Cusack reckons he has another hundred stories surrounding changing the game ball. It was important because various balls behaved in very different ways. He says too that he has sat in 'The Sunday Game' studio and watched teams pulling all sorts of stunts to get the ball they wanted in play.

He's not complaining. It's just a fact of life in hurling. And besides, he admits his Cork team had it down to a fine art. In the 2005 Munster final, Tipperary won a penalty. Cusack and Cork had a plan for such situations.

"We practised it, that if there was a penalty given, that what we'd do is that one of us would cause a diversion, give out to the referee, all get around 'bladdy, bladdy blah.' And then another ball, we'd roll it in.
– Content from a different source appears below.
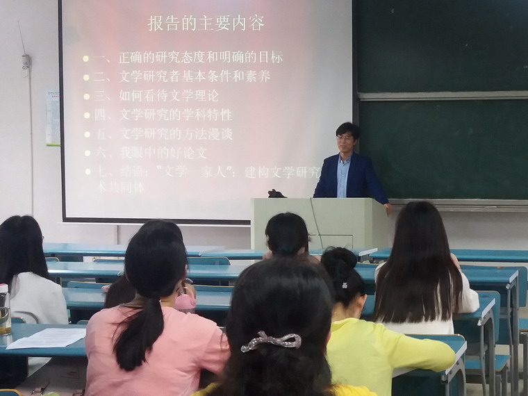 隋红升首先从研究态度谈起,认为青年师生要立志从事文学研究必须首先树立正确的研究态度和明确的目标。“研者,磨也。”只有多读书并深入思考,才能发现现象背后的本质,才能发现真理,并谋求解决问题的出路。根据西方文学理论来源的多元性,他指出,文学研究的最主要特征是跨学科性,强调人物和意象是文学研究的两大切入点。隋红升特别提醒广大青年师生,从事文学研究必须具备以下三个基本学术功底:文本细读能力(读懂、读透并构建自己的思想)、理论把握与运用能力以及对现实问题的敏感性。

The important thing was that it shouldn't be me rolling it into play.

"The other ball would just be struck away. You'd be planning things like that but a thousand times it might never come off.
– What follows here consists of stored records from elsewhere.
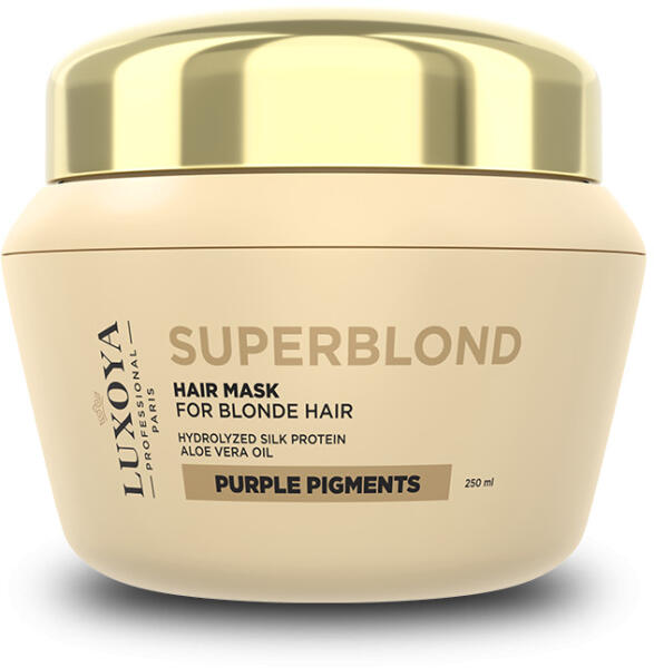 Hajszerkezet helyreállító hajmaszk semlegesítő pigmentekkel száraz és sérült hajra: aloe vera olaj, avokádó olaj Termékleírás A LUXOYA PROFESSIONAL PARIS - SUPERBLOND MASZK mélyrehatóan táplálja és helyreállítja a száraz és sérült hajat, miközben semlegesíti a nem kívánt sárga árnyalatokat! Ez a prémium minőségű hajmaszk különleges összetevőket tartalmaz, mel
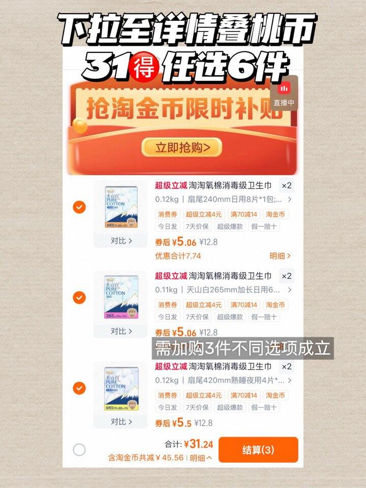 淘淘氧棉卫生巾!💰5
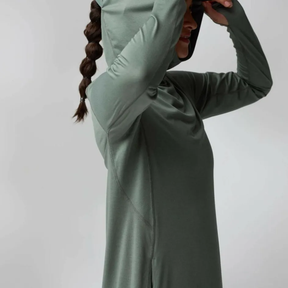 Leichtes und bequemes Kleid für Outdoor-Aktivitäten und Reisen in warmen Klimazonen. Hergestellt aus einem technischen Jersey-Strick, der Feuchtigkeit ableitet und schnell trocknet, um auch an sonnigen Tagen maximalen Komfort zu bieten. Lange Ärmel und Kapuze bieten Schutz vor der Sonne, während Daumenlöcher ein Hochrutschen der Ärmel verhindern. Der passgenaue Schnitt ist locker genug, um die Luft zirkulieren zu lassen. Zwickel unter dem Arm bieten zusätzliche Bewegungsfreiheit.

"But then in the Munster final, ball comes in, Sully (Diarmuid O'Sullivan) gives away a penalty and everyone kicks into gear. The ball that was in use is driven away and the next minute the other ball was rolled in.

I remember looking at Eoin Kelly that day and I says, 'That ball is not going to go as hard as you think it's going to go'. Eoin has said it himself since, that even when he picked it up he just sensed that there was something not right with that ball. But that's the game, that's one instance."

The tricks, however, didn't always come off.

"In the mid 2000s that game of cat and mouse was going on. I remember Paul Codd, we were playing Wexford in an All-Ireland semi-final, and I'd say he nearly drove it (the ball) out over Croke Park. He picked it up, I think it was Paul Codd, and I'm thinking, 'Fair play to you, you are on the ball'.

"Because he picked up the ball and he knew. It actually had Wexford written on it. He knew like."

Change is on the horizon. Croke Park has long acknowledged that a standardised sliotar is required and it is finally set to come into play from next year. In theory, it should end all the tricks.

"If you went around club matches and got ten balls and got the same man striking them. He'd strike them different distances, you'd have balls with big rims and you'd see them wavering in the air because of the shape of the rims.

"I'd fully support standardising the ball because everyone is on the one playing field."